List with dictionary

Question

Imagine that I have this list:

a=[ {'name':'John','number':'123'} , {'name':'Mike','number':'12345'} ,{'name':'Peter','number':'12'}]

name=input('insert your name')
number=input('insert your number')

If I want to have 3 scenarios: one where the name and number matches, the second where the name is correct but the number is incorrect and the last one where the name does not exist.

if {'name':name,'number':number} in a:
    print('okay')
else:
    if {'name':name} in a and {'number':number} not in a:
        print('user okay, but incorrect pass')
    else:
        print('No username')

This type of code will not work, right? So how can I solve the second step (after the first else)?

Answer 1

You could use any like so:

if {'name':name,'number':number} in a:
    print('okay')
elif any(entry["name"] == name for entry in a):
    print('user okay, but incorrect pass')
else:
    print('No username')

I also simplified your else: if: to use elif: instead.

Answer 2

I would actually write the code like this, making use of list comprehension. It seems more readable.
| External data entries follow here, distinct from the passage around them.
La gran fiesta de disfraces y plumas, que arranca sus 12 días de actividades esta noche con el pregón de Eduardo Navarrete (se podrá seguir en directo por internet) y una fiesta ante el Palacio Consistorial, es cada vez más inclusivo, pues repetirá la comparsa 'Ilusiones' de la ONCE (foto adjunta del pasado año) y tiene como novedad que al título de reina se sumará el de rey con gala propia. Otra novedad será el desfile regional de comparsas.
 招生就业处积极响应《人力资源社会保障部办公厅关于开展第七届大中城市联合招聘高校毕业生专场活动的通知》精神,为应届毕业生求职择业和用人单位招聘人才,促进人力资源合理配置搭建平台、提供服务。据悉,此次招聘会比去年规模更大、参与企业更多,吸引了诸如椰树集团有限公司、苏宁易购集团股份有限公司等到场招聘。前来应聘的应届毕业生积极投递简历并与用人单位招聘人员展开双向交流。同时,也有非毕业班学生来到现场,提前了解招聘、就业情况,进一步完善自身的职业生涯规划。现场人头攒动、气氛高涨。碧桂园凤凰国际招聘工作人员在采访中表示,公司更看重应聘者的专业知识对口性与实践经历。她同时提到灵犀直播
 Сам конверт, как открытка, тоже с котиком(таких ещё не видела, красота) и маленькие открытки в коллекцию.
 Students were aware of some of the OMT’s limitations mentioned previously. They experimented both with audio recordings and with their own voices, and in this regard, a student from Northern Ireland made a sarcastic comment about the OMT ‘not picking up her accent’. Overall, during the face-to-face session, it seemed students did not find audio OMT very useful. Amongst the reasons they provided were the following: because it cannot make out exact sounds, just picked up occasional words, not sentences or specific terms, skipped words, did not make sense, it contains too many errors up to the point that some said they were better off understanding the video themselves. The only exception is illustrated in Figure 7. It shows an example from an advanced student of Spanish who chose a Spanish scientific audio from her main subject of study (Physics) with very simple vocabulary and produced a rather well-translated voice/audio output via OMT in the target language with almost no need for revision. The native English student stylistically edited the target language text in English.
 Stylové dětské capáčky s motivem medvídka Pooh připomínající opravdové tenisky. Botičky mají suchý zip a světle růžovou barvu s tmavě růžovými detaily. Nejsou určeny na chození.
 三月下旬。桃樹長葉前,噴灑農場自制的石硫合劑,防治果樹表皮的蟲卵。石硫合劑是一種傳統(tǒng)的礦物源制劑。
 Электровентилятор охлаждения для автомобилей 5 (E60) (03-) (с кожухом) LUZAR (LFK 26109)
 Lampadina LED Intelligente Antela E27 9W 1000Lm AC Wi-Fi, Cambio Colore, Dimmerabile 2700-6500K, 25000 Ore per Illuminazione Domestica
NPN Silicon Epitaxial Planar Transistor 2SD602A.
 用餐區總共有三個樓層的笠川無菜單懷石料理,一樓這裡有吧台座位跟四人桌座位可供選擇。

if name in [pos['name'] for pos in a]:
    if number == [dd for dd in a if dd['name'] == name][0]['number']:
        print('okay')
    else:
        print('user okay but incorrect pass')
else:
    print('No username')

Or alternatively, if you are ok with a for loop:

for dd in a:
    if name == dd['name']:
        if number == dd['number']:
            print('okay')
        else:
            print('user okay but incorrect pass')
        break
else:
    print('No username')

Note the else after the for loop: this construct it's explained here.

The latter is more efficient, as it iterates over the list only once (and not all the list if a match is found).